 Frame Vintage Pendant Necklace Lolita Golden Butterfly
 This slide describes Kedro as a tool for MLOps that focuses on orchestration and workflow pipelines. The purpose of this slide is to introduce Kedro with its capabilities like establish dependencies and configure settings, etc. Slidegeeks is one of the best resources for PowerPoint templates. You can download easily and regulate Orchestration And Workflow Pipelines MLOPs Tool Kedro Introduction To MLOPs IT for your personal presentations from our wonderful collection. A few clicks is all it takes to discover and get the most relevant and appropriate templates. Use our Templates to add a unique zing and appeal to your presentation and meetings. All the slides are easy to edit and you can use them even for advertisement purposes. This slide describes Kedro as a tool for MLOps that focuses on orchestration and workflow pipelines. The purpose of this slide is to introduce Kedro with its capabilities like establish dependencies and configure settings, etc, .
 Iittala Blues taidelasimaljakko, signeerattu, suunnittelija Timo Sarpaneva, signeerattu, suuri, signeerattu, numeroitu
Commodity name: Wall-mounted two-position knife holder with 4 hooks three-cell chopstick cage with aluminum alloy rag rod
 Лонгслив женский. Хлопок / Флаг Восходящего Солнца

------------------------------------------------------------

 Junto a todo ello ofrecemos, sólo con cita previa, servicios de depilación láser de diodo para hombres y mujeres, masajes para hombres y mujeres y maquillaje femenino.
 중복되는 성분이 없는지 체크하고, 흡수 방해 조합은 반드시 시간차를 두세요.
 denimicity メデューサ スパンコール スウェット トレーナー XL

------------------------------------------------------------

Repeat exactly the lines of the listing above, from the one with "중복되는 성분이 없는지 체크하고, 흡수 방해 조합은 반드시 시간차를 두세요." down to the one with "denimicity メデューサ スパンコール スウェット トレーナー XL"; both of those lines belong in the range.

## ANSWER TO THE EXERCISE
 중복되는 성분이 없는지 체크하고, 흡수 방해 조합은 반드시 시간차를 두세요.
 denimicity メデューサ スパンコール スウェット トレーナー XL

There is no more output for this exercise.